Thursday, August 12, 2010

Screen size

The size of an approximately rectangular display is usually given as the distance between two opposite screen corners, that is, the diagonal of the rectangle. One problem with this method is that it does take into account the fact that when a rectangle with a given length to its diagonal, becomes more rectangular, and less square (its aspect ratio increases), and at the same time its diagonal remains the same, then the area of the rectangle decreases. That is, given the same diagonal, the area of the display decreases if its aspect ratios increases. For example, a 4:3 21 in (53 cm) monitor has an area of about 211 sq in (1,360 cm2), while a 16:9 21-inch widescreen has about 188 sq in (1,210 cm2).

This method of measurement is inherited from the method used for the first generation of CRT television, when picture tubes with circular faces were in common use. Being circular, only their diameter was needed to describe their size. Since these circular tubes were used to display rectangular images, the diagonal measurement of the rectangle was equivalent to the diameter of the tube's face. This method continued even when cathode ray tubes were manufactured as rounded rectangles.

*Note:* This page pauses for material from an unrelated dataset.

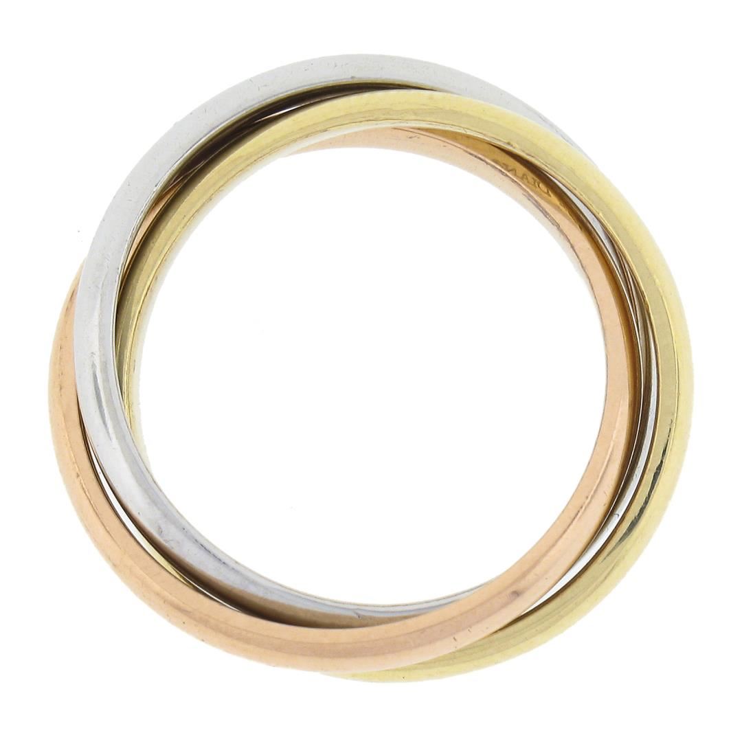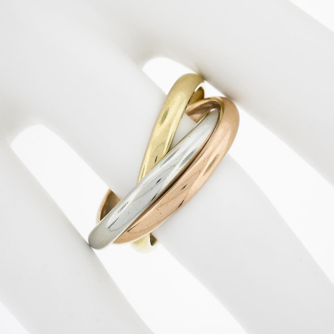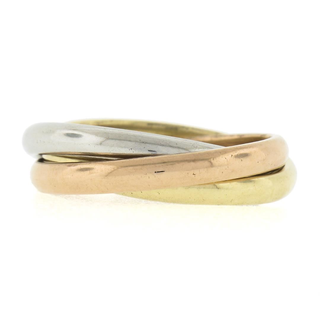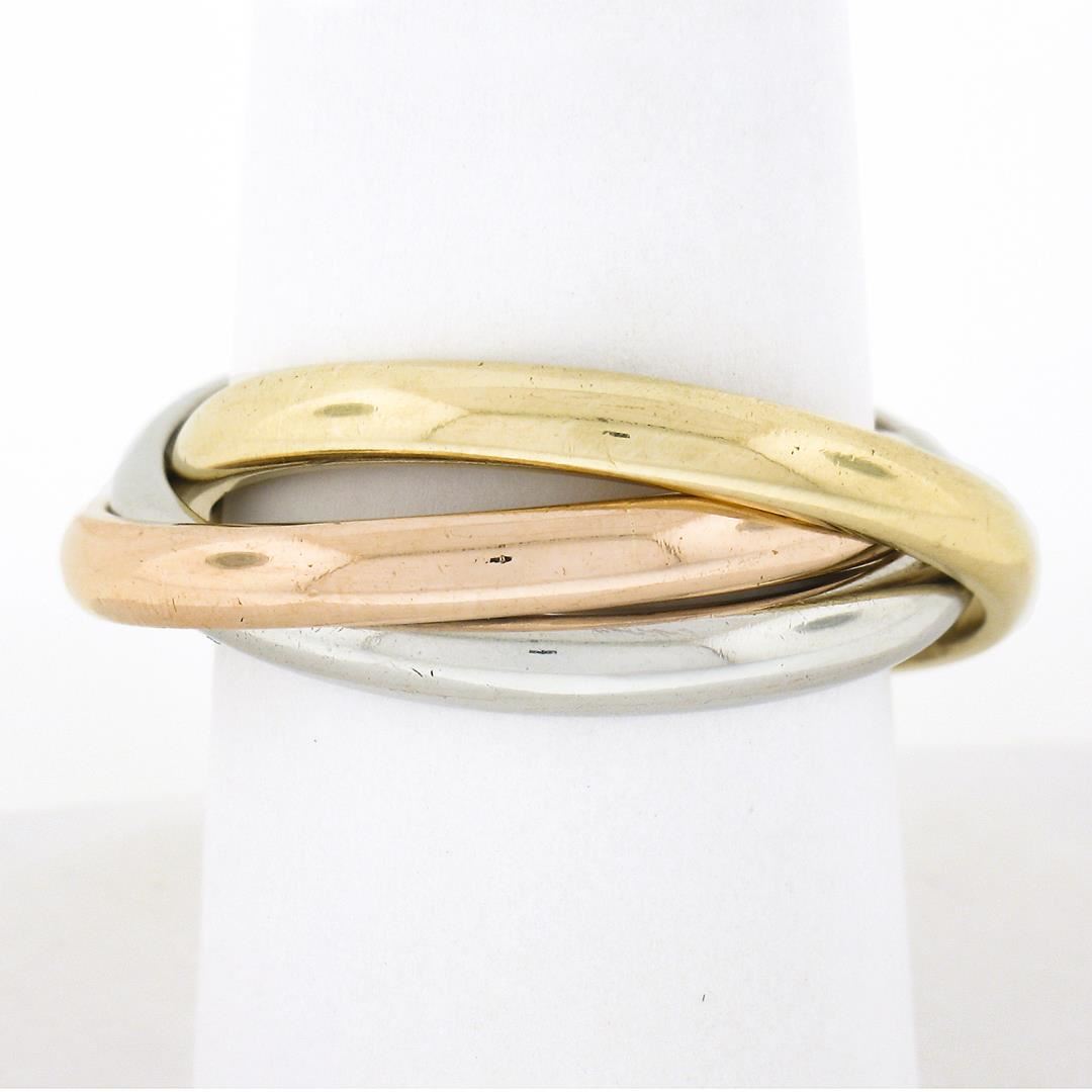 A solid yellow & rose gold w/ platinum trinity three band ring. The ring is size 9.5, weighs a total of 14.08 grams, and measures 6.3mm wide.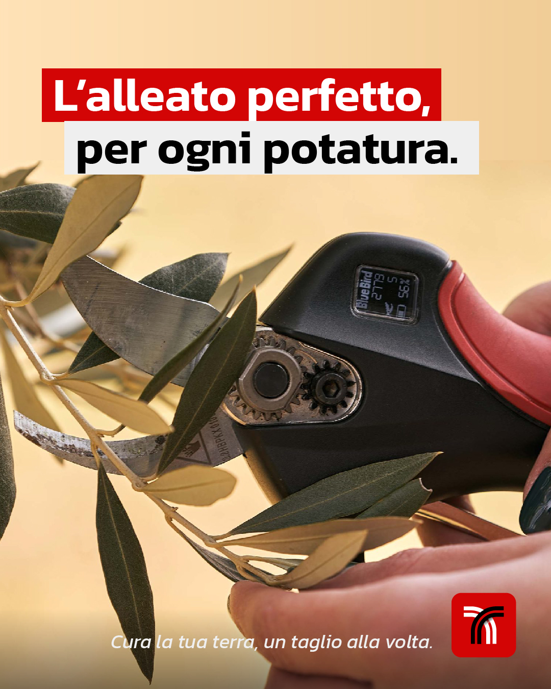 10 Marzo 2025La forbice elettrica Blue Bird PS 23-35 Faster unisce potenza e agilità per professionisti del verde. Il motore brushless da 550 W garantisce lunghe sessioni di lavoro senza surriscaldamenti. Le tre batterie al litio 16,8 V – 2,5 Ah offrono fino a 4,5 ore di autonomia continua. Il sistema a tre batterie assicura ricariche alternate per non interrompere il lavoro.

Another problematic practice was using the size of a monitor's imaging element, rather than the size of its viewable image, when describing its size in publicity and advertising materials. Especially on CRT displays, a substantial portion of the imaging element is concealed behind the case's bezel or shroud in order to hide areas outside the monitor's safe area due to overscan. These practices were seen as deceptive, and widespread consumer objection and lawsuits eventually forced most manufacturers to instead measure viewable size.